Both structural and functional details of biological designs can be described with SBOL data objects. The principle classes for describing the structure and primary sequence of a design are ComponentDefinitions, Components, and Sequences, SequenceAnnotations. The principle classes for describing the function of a design are ModuleDefinitions, Modules, and Interactions. In the official SBOL specification document, these classes and their properties are represented as a special kind of box diagram. Each box represents a record of data thats describe a particular kind of SBOL object. For example, following is the diagram for a ComponentDefinition which will be referred to in later sections.

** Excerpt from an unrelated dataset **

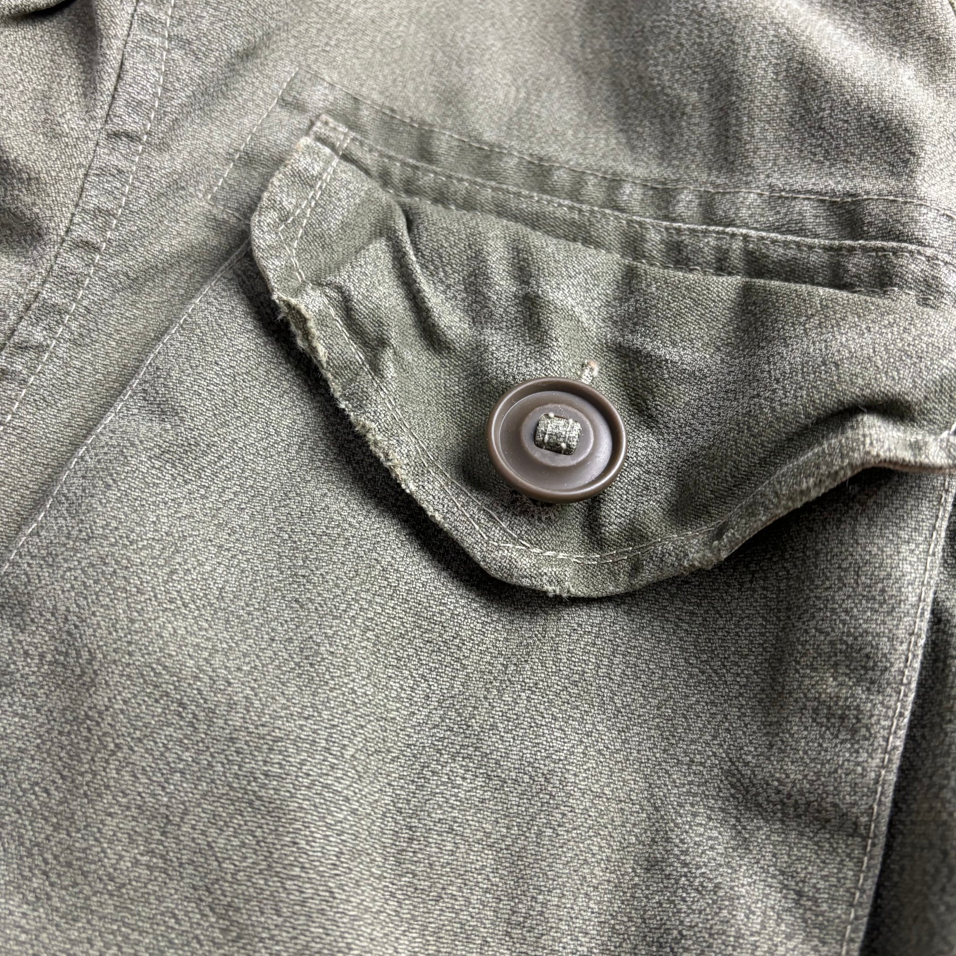 - Some wear around the collar (see pic 3) a mark to the back (pic 6) some wear around bottom hem and pocket flaps (pics 7/8) a patch on the left arm has been removed (final pic)?

_images/component_definition_uml.png

When a new object is created, it must be assigned a unique identity, or uniform resource identifier (URI). A typical URI consists of a scheme, a namespace, and an identifier, although other forms of URI’s are allowed. In this tutorial, we use URI’s of the type http://sys-bio.org/my_design, where the scheme is indicated by http://, the namespace is sys-bio.org and the identifier is my_design.

Objects can be created by calling their respective constructors. The following constructs a ModuleDefinition:

crispr_template = ModuleDefinition('http://sys-bio.org/CRISPRTemplate')

LibSBOL provides a few global configuration options that make URI construction easy. The first configuration option allows you to specify a default namespace for new object creation. If the default namespace is set, then only an identifier needs to be passed to the constructor. This identifier will be automatically appended to the default namespace. Setting the default namespace is like signing your homework and claims ownership of an object.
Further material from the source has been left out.